The results of new research have demonstrated how a new class of adhesives is highly tolerant of dentin moisture conditions and can ultimately significantly reduce technique sensitivity.1,2 Last year, John A. Sorensen, DMD, PhD, FACP, professor of restorative dentistry, director of the Biomimetics Biomaterials Biophotonics Biomechanics & Technology Laboratory, and director of the Graduate Prosthodontics Program at the University of Washington School of Dentistry, and his team conducted in vitro studies measuring shear bond strength to dentin and enamel controls. They set up their tests with four different dentin moisture surface conditions after treatment with phosphoric acid: Group 1 had a layer of water; Group 2 was “moist dentin” typically considered to be the ideal dentin bonding condition; Group 3 was air-dried for 3 seconds; and Group 4 was air-dried for 10 seconds. Manufacturers’ directions were then followed for application of dentin adhesives, and then direct filling materials were placed and light-cured.

“We were very impressed with the bond strengths observed with several of the adhesives,” Sorensen says. “The adhesives tested demonstrated significant improvements in tolerance of dentin surface moisture conditions.”

The results of these bond strength tests with the same four dentin moisture surface conditions combined with cements showed that several adhesives/cements were highly tolerant of varying dentin moisture conditions. The two best systems were Adhese Universal/Variolink Esthetic (Ivoclar Vivadent; www.ivoclarvivadent.com), with dentin bond strength values of dentin moisture groups 1, 3, and 4 ranging from 82% to 99% of the ideal moist dentin; and Scotchbond™ Universal/RelyX™ Ultimate (3M; www.3M.com) ranging from 77% to 93% of moist dentin.1,2

“We also evaluated the self-etching bond strengths and found that of the four adhesives/cements evaluated, the self-etch enamel bond strengths ranged from 64.3% to 86.3% for the phosphoric-acid–etched enamel,” Sorensen says. “The self-etch dentin bond strengths ranged from 64% to 87% for the phosphoric-acid–treated moist dentin.”

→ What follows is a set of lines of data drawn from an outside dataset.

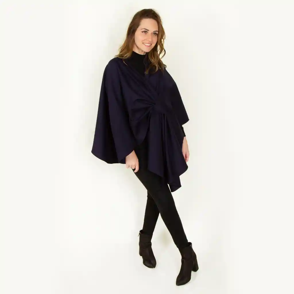 “Nuestra capa Mapa es mi referencia más vendida. Muchas de ustedes la adoran porque es súper versátil y talla única entonces se la compran para ustedes pero también es un regalo muy especial! Con el pasador puedes insertar todo un costado y ajustarla. Puedes dejarla tan larga o corta como quieras y también crear looks asimétricos y dejar el pasador en la mitad y pasar un costado sobre el hombro opuesto para que quede más elegante y cortica. No te preocupes que viene con un instructivo para que le saques el mayor provecho posible, para viajar es espectacular porque queda súper compacta hasta en tu cartera y no necesitas más que esta porque durante 6 días te la puedes poner de las 6 formas y no te vas a ver igual. Es más liviana que la capa Olivia pero también abriga menos.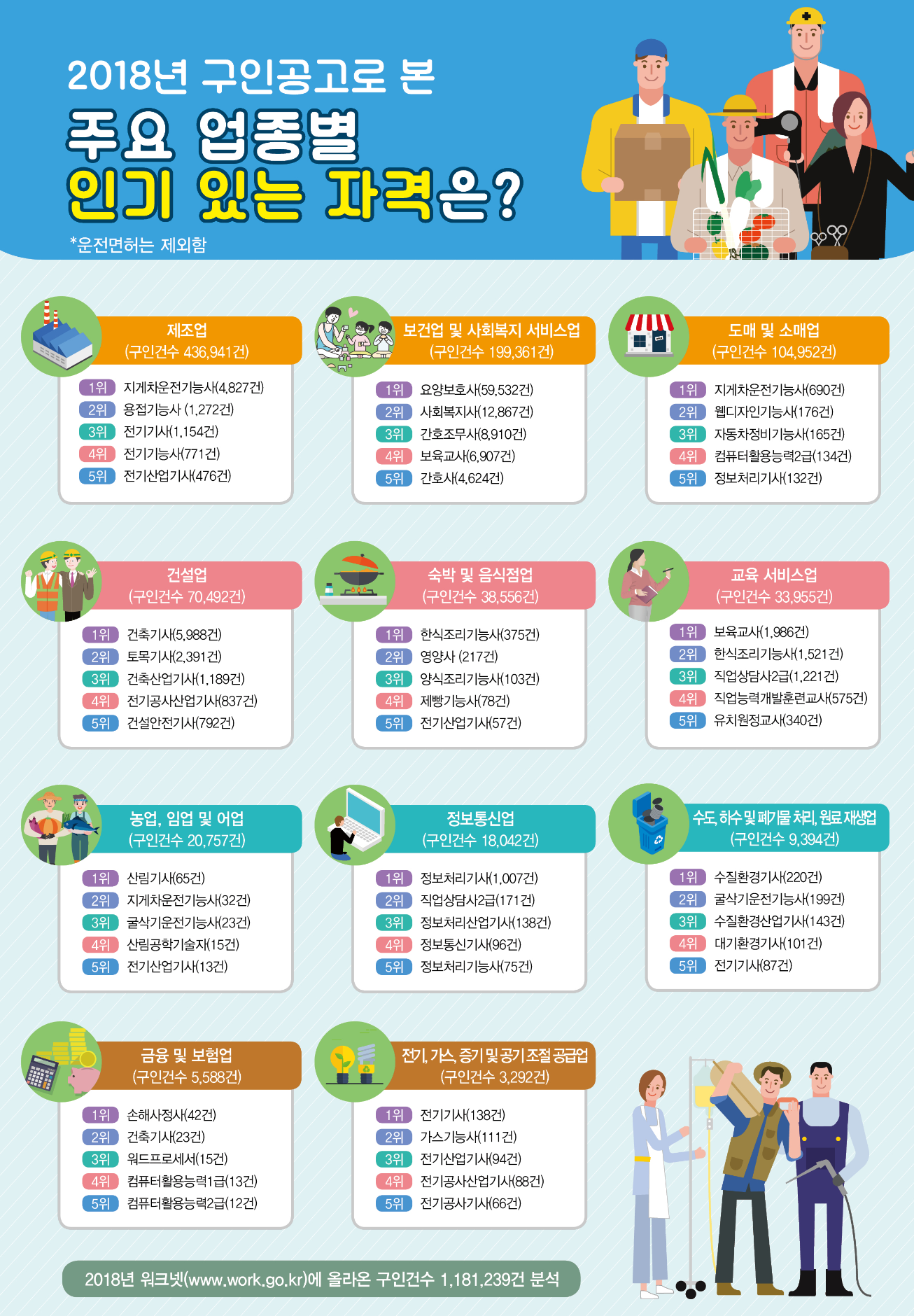 데이터는 2018년도 워크넷 구인 공고 118만 건을 분석한 결과이다.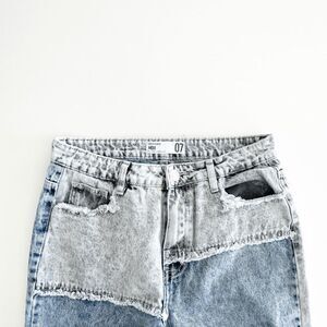 Refuge Denim Womens Mom Jeans Patchwork Two Tone Light Blue Wash Size 7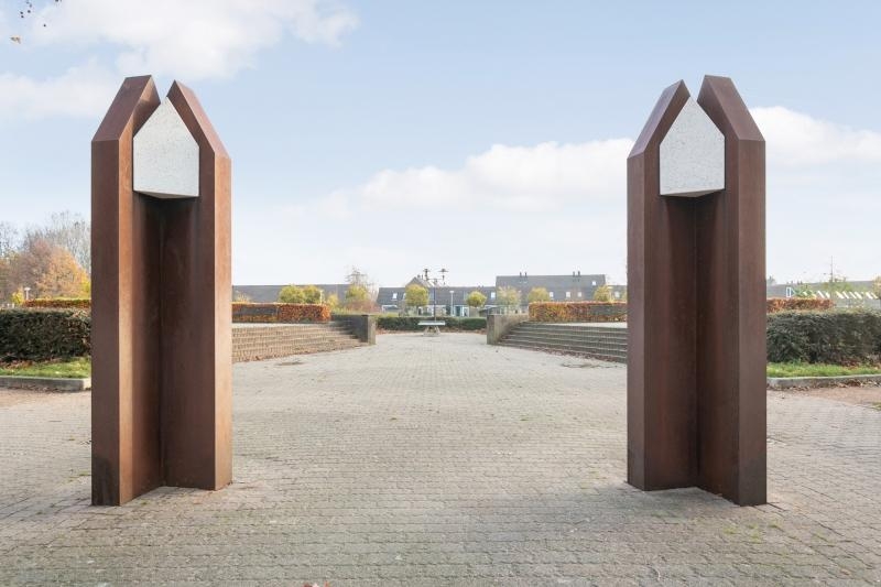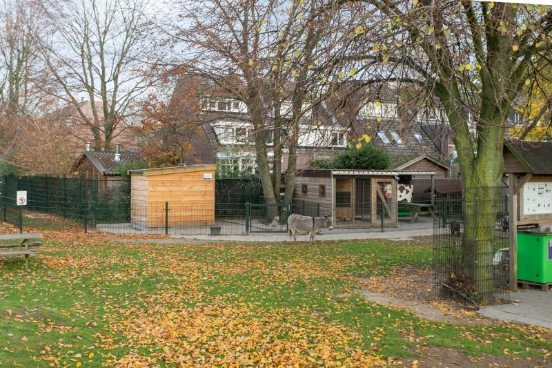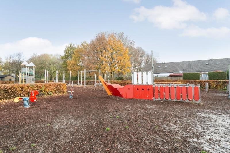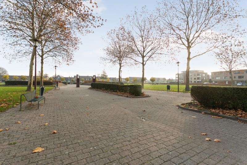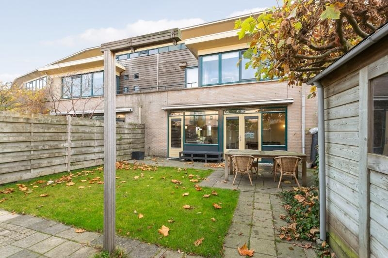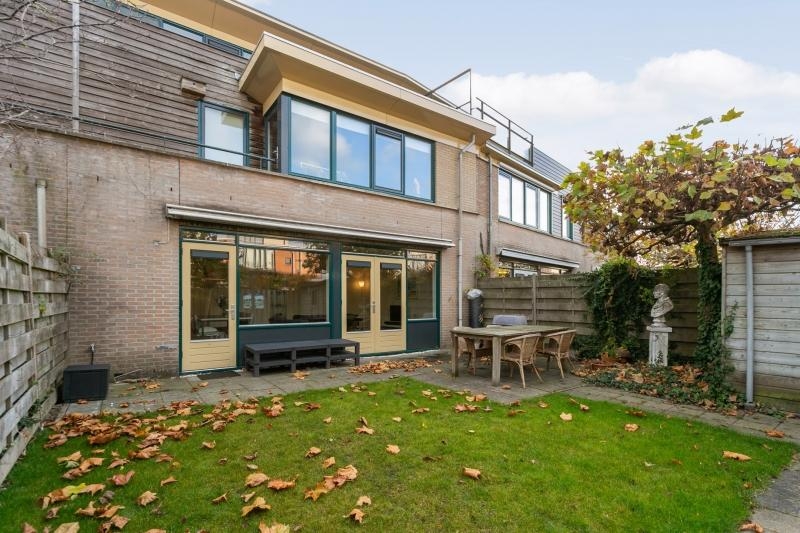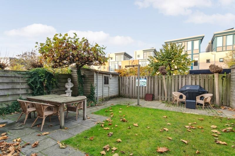 Achter de woning ligt de zonnige tuin op het Westen voorzien van een gazon, sierbestrating, border met planten en sierbomen. Er is een terras bij de openslaande deuren en achter in de tuin. Hier staat tevens een houten berging. De woning ligt vlakbij scholen, Het Esplanade park, een speeltuin en kinderboerderij.

This means that the new generation of adhesive/cement systems bring, first, a reduction in technique sensitivity with a considerable improvement in the tolerance of dentin moisture surface conditions, Sorensen explains. Secondly, with the improvements in the self-etching qualities of these adhesives, dentists can have a second line of defense by knowing the dentin self-etching qualities of the adhesives can correct potential procedural mistakes made during the adhesive preparation process.1,2


1. Sorensen JA, Chen Y-W. Shear bond strength of adhesives to dentin with varying moisture conditions. J Dent Res. 2016: Spec. Iss. Ab# 1342.

2. Sorensen JA, Chen Y-W. Shear bond strength of cements to dentin with varying moisture conditions. J Prosthet Dent. Manuscript in preparation.